Hawke’s Bay Regional Council, which is promoting the dam through its wholly owned investment arm HBRIC, sought its own legal advice on the dam consent conditions. The Council asked whether nitrogen limits and targets can continue to be exceeded as long as land owners are taking a “best practice” approach to their land use”. The advice received confirms that scheme participants could be required to take further measures.
“If farmers are already using all available best practice methods but nitrogen outputs are still too high to meet the nitrogen limit, this may well mean farmers have to reduce stocking rates,” says Forest & Bird lawyer Sally Gepp. “In addition to that requirement, the Council also has the power to make changes to the conditions if the scheme is not operating in a manner consistent with achieving the nitrogen limit by 2030. This is a belts and braces approach to ensuring the nitrogen limit is achieved”.

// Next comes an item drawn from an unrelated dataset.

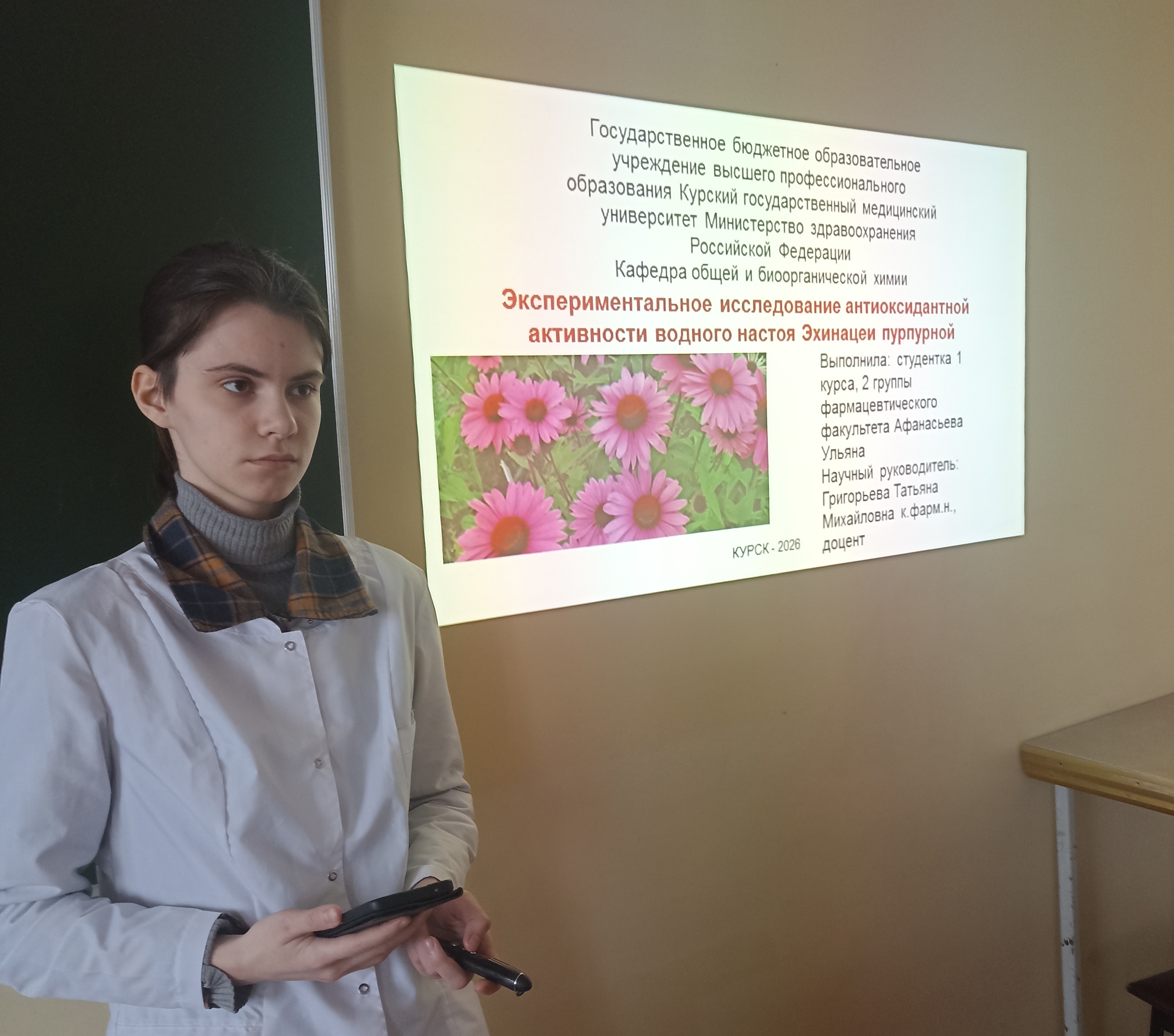 At the meeting, 1st-year students of the 2nd group of the Faculty of Pharmacy Zamarueva Julia and Afanasyeva Ulyana presented reports on the results of their experimental work: they determined the antioxidant activity of the drug and aqueous extracts of medicinal plant raw materials using the chemiluminescent method.

“We do not buy HBRIC’s stance that the contribution of nitrogen from intensive agriculture made possible by this dam is only a modest fraction of the contribution from the rest of the catchment, or that they can ignore their nitrogen pollution because of the lag in nitrogen reaching surface water. We are pleased to see the Council asking for independent legal advice on the consent conditions. Farmers considering signing up to this scheme, and Hawke’s Bay ratepayers who are being asked to help fund it, should be aware of the implications of these conditions.”
The dam’s backers still require consent from the Department of Conservation to flood an area of conservation land in the Ruahine Forest Park, which Forest & Bird says cannot lawfully be given.